**INFORMATION PROVIDED**
━━━

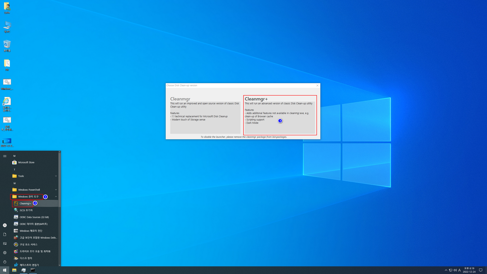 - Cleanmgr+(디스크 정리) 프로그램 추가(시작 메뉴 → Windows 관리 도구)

━━━

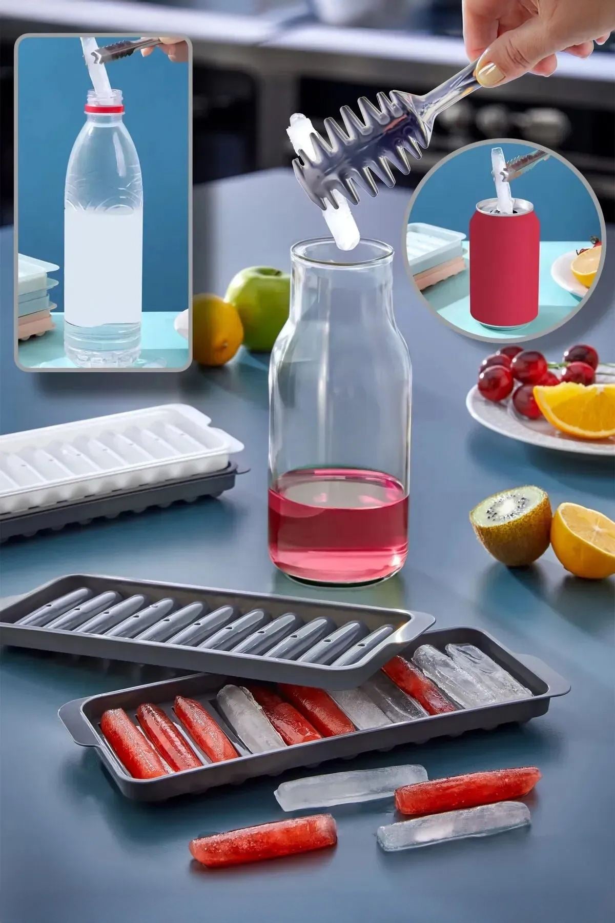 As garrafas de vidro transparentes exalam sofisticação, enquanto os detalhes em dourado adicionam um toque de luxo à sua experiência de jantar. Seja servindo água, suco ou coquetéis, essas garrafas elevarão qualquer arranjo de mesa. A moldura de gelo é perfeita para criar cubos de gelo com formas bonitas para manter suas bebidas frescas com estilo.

━━━

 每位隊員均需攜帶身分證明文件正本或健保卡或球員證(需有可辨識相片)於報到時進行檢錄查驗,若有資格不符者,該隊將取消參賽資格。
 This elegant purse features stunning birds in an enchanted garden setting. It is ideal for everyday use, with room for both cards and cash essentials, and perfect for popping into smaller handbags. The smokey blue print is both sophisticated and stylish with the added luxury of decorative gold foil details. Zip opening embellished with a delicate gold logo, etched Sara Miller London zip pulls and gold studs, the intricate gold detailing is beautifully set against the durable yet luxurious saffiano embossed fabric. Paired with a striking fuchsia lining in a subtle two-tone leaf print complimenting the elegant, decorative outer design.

━━━

**WHAT YOU ARE ASKED TO DO**
Scan the lines above for "每位隊員均需攜帶身分證明文件" and for "This elegant purse". Repeat exactly the line holding each of them and every line in between.

**RESULT OF THIS TASK**
 每位隊員均需攜帶身分證明文件正本或健保卡或球員證(需有可辨識相片)於報到時進行檢錄查驗,若有資格不符者,該隊將取消參賽資格。
 This elegant purse features stunning birds in an enchanted garden setting. It is ideal for everyday use, with room for both cards and cash essentials, and perfect for popping into smaller handbags. The smokey blue print is both sophisticated and stylish with the added luxury of decorative gold foil details. Zip opening embellished with a delicate gold logo, etched Sara Miller London zip pulls and gold studs, the intricate gold detailing is beautifully set against the durable yet luxurious saffiano embossed fabric. Paired with a striking fuchsia lining in a subtle two-tone leaf print complimenting the elegant, decorative outer design.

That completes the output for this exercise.